Oh yeah, Blaze thought. I got to send one of those.

“—but he did say police have a number of leads which are being actively investigated.”

Like what? Blaze wondered, and smiled a little. They always said stuff like that. What leads could they have, if the old lady was
el zonko
? He had even taken the ladder with him. They said stuff like that, that was all.

He ate his breakfast on the floor and played with the baby.

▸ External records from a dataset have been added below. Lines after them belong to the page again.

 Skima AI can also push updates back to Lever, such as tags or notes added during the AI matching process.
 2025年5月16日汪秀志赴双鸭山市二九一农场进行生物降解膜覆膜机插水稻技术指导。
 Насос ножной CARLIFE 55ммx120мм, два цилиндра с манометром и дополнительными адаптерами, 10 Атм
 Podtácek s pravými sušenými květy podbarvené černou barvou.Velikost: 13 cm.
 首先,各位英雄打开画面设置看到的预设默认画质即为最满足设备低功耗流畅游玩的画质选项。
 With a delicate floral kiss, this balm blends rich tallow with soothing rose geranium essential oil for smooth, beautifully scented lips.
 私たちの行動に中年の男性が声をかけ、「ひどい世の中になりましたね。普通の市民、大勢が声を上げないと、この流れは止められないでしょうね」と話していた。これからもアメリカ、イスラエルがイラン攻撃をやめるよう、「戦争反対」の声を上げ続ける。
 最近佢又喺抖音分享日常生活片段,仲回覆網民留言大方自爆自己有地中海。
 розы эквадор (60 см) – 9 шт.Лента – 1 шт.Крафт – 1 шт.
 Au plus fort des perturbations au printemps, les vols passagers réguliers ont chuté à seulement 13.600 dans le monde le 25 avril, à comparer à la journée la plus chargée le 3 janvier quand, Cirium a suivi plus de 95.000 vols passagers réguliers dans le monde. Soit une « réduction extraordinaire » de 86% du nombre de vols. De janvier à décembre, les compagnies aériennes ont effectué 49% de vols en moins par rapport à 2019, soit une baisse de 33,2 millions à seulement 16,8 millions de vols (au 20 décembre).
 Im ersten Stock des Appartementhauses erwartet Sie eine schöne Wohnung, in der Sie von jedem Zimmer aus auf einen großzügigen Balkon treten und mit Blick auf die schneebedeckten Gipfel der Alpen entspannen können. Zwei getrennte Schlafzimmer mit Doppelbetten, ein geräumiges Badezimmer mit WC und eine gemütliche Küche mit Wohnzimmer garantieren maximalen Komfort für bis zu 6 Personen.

When he got ready to go out that afternoon, the kid had been fed and freshly changed and lay sleeping in the cradle. Blaze had tinkered with the formula a little more, and this time had burped him halfway through. It worked real good. It worked like a charm. He'd also changed the kid's diapers. At first all that green shit had scared him, but then he remembered. Peas.

“George? I'm going now.”

“Okay,” George said from the bedroom.

“You better come out here and watch him. In case he wakes up.”

“I will, don't worry.”

“Yeah,” Blaze said, without conviction. George was dead. He was talking to a dead man. He was asking a dead man to babysit. “Hey, George. Maybe I oughta—”

“Oughtta-shmotta, coulda-woulda. Go on, get out of here.”

“George—”

“Go on, I said! Roll!”

Blaze went.

The day was bright and sparkling and a little warmer. After a week of single-number temperatures, twenty degrees felt like a heatwave. But there was no pleasure in the sunshine, no pleasure to be had in driving the back roads to Portland. He didn't trust George with the baby. He didn't know why, but he sure didn't. Because, see, now George was a part of himself, and he most likely took all the parts with him when he went somewhere, even the George part. Didn't that make sense?